PR(A) = (1-d) + d (PR(T1)/C(T1) + ... + PR(Tn)/C(Tn))

one may assume that an additional inbound link from page X increases the PageRank of page

A by

d × PR(X) / C(X)

where PR(X) is the PageRank of page X and C(X) is the total number of its outbound links. But

page A usually links to other pages itself. Thus, these pages get a PageRank benefit also. If

these pages link back to page A, page A will have an even higher PageRank benefit from its

additional inbound link.



The single effects of additional inbound links shall be illustrated by an example.

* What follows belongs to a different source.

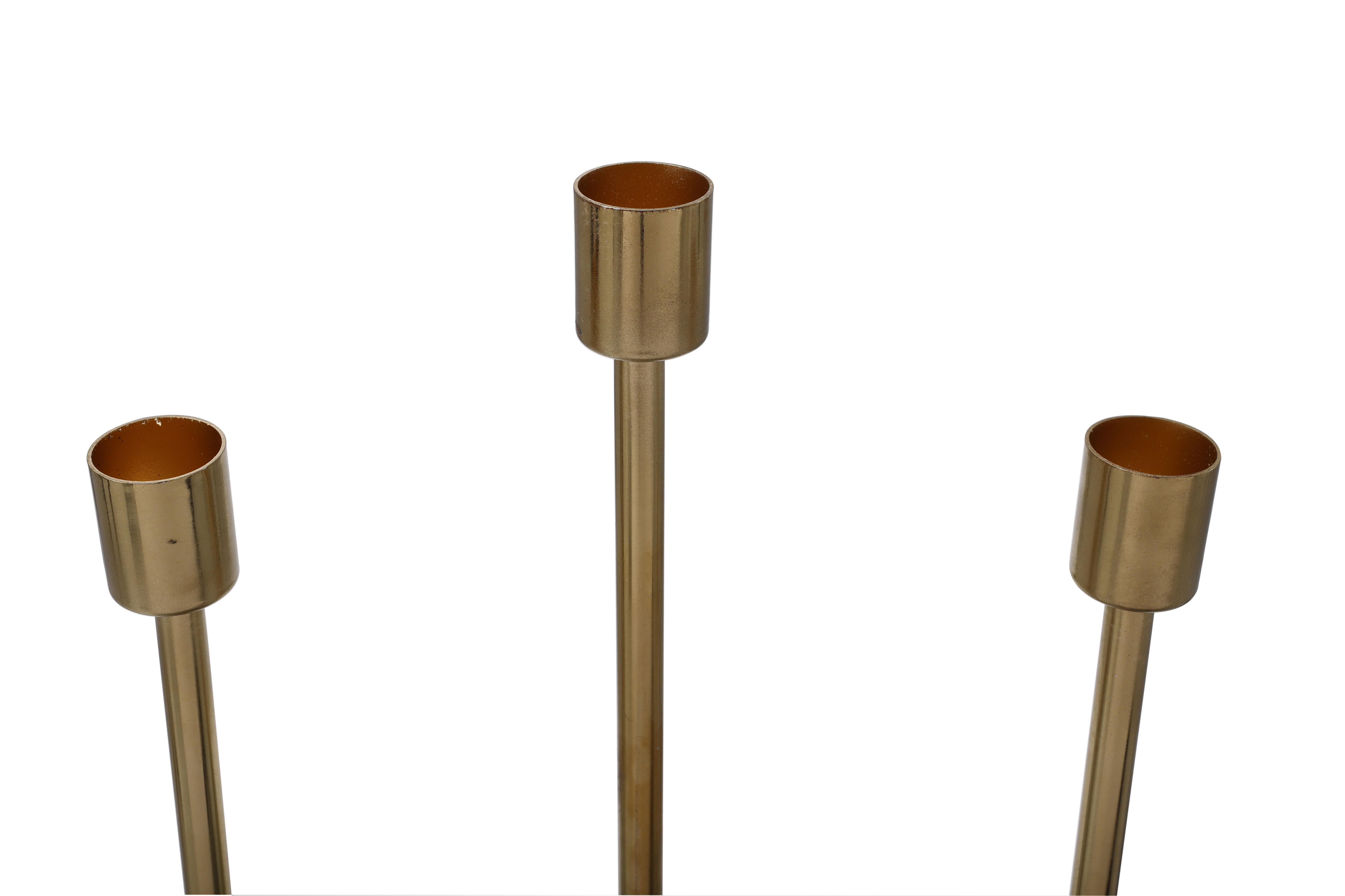 Auffällig, edel, außergewöhnlich - mit diesen Eigenschaften überzeugt der handgefertigte Kerzenständer in seinem äußeren Erscheinungsbild. Sein glänzendes Material aus Metall trägt nicht nur zu seiner edlen Optik bei, sondern verleiht ihm ein hohes Maß an Stabilität. Für Deko-Fans, die es schlicht und minimalistisch mögen, lässt sich der Ständer ebenso in Szene setzen wie in Kombination mit zahlreichen weiteren Dekoelementen. Ob allein oder in Kombination, dieses Schmustück lässt sich in jedem Raum einsetzen. Er schafft durch seinen edlen Look und die warmen Kerzen ein gemütliches Ambiente.

We regard a website consisting of four pages A, B, C and D which are linked to each other in

circle. Without external inbound links to one of these pages, each of them obviously has a

PageRank of 1. We now add a page X to our example, for which we presume a constant

Pagerank PR(X) of 10. Further, page X links to page A by its only outbound link. Setting the

damping factor d to 0.5, we get the following equations for the PageRank values of the single

pages of our site:

PR(A) = 0.5 + 0.5 (PR(X) + PR(D)) = 5.5 + 0.5 PR(D)

PR(B) = 0.5 + 0.5 PR(A)

PR(C) = 0.5 + 0.5 PR(B)

PR(D) = 0.5 + 0.5 PR(C)

Since the total number of outbound links for each page is one, the outbound links do not need to

be considered in the equations. Solving them gives us the following PageRank values:

PR(A) = 19/3 = 6.33

PR(B) = 11/3 = 3.67

PR(C) = 7/3 = 2.33

PR(D) = 5/3 = 1.67

We see that the initial effect of the additional inbound link of page A, which was given by

d × PR(X) / C(X) = 0,5 × 10 / 1 = 5

is passed on by the links on our site.



The Influence of the Damping Factor

The degree of PageRank propagation from one page to another by a link is primarily determined

by the damping factor d. If we set d to 0.75 we get the following equations for our above

example:

PR(A) = 0.25 + 0.75 (PR(X) + PR(D)) = 7.75 + 0.75 PR(D)

PR(B) = 0.25 + 0.75 PR(A)

PR(C) = 0.25 + 0.75 PR(B)

PR(D) = 0.25 + 0.75 PR(C)

Solving these equations gives us the following PageRank values:

PR(A) = 419/35 = 11.97

PR(B) = 323/35 = 9.23

PR(C) = 251/35 = 7.17

PR(D) = 197/35 = 5.63

First of all, we see that there is a significantly higher initial effect of additional inbound link for

page A which is given by

d × PR(X) / C(X) = 0.75 × 10 / 1 = 7.5



This initial effect is then propagated even stronger by the links on our site. In this way, the

PageRank of page A is almost twice as high at a damping factor of 0.75 than it is at a damping

factor of 0.5. At a damping factor of 0.5 the PageRank of page A is almost four times superior to

the PageRank of page D, while at a damping factor of 0.75 it is only a little more than twice as

high. So, the higher the damping factor, the larger is the effect of an additional inbound link for

the PageRank of the page that receives the link and the more evenly distributes PageRank over

the other pages of a site.



The Actual Effect of Additional Inbound Links

At a damping factor of 0.5, the accumulated PageRank of all pages of our site is given by

PR(A) + PR(B) + PR(C) + PR(D) = 14

Hence, by a page with a PageRank of 10 linking to one page of our example site by its only

outbound link, the accumulated PageRank of all pages of the site is increased by 10. (Before

adding the link, each page has had a PageRank of 1.) At a damping factor of 0.75 the

accumulated PageRank of all pages of the site is given by

PR(A) + PR(B) + PR(C) + PR(D) = 34

This time the accumulated PageRank increases by 30. The accumulated PageRank of all pages

of a site always increases by

(d / (1-d)) × (PR(X) / C(X))

where X is a page additionally linking to one page of the site, PR(X) is its PageRank and C(X)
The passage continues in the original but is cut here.